With a life driven by a powerful perseverance, a passion for science and a desire to create, Western alum Tebello Nyokong has become a distinguished member of the world’s science community.
Without mentioning the various awards and accolades garnered during her life pertaining to her 20-plus years in academia, it's apparent that her first love will always be science.
“A scientist is someone who can build and destroy things and create things,” says Tebello. “I strongly feel sometimes I was brought up to build things, even though I was a girl. Girls didn’t build; they didn’t do anything like that. They were at home cooking.”
Tebello's passion for science stems from her childhood and her time as a shepherd in the fields of Lesotho. Through her interaction with her natural environment, such as the whistling of the trees or the chirping of birds, Tebello developed a fondness for science and decided to pursue it.
However, as a shepherd, she did not always have the opportunity to attend school on a daily basis. Certain days would have to be allocated to school and certain days, for tending to the sheep.
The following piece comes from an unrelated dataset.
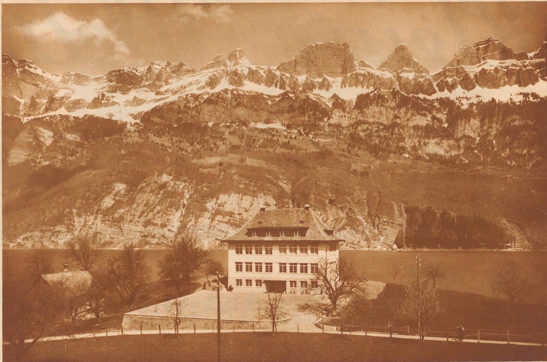
Wer möchte da nicht noch einmal Schüler werden? Das neue Schulhaus in Mols am Walensee. Anschauungsmaterial für den Unterricht in Geographic und Geologie liegt vor den Fenstern

This was just the reality for those in her village.
Taking charge of her circumstance, Tebello eventually earned her bachelor’s degree in chemistry from the University of Lesotho in 1977, her master’s in chemistry at McMaster University in 1981, and her PhD in chemistry at Western University in 1987.
During her time in Canada, the inevitable culture shock often got to her.
“It was the first time that I realized you could be next door to someone and not even know their name. I think it was a part of the culture shock, but I went to go introduce myself, and they were really shocked. I just wanted to show humanity,” Tebello jokingly explains. “Another culture shock was the snow. It snows in Lesotho, but the snow in Canada was more than I could deal with — it was huge!”
But for Tebello, Canada truly was her second home, as it was where she formed a myriad of new friendships and was allowed to enhance her love for science and research for almost 10 years.
“I like the freedom of thinking in research. You have the freedom to create and the freedom to think of new ways of doing things,” she says. "When we think of something, our brain is forever active, and I love that: finding new solutions to current problems"
But a life of perpetual bliss is not a realistic one and Tebello’s relatively propitious story took a negative turn upon her move to South Africa in 1992.
“Not many people want to hear this, but the reality is [South Africa] was an apartheid state. I am a black woman, an African woman, so I was not an accepted person at all. It was very difficult,” explains Tebello. “I called it academic loneliness where you are just on your own, no one to talk to because you are not a white person. If you were not white, you were invisible in the sciences in South Africa. That alone is enough to break anybody.”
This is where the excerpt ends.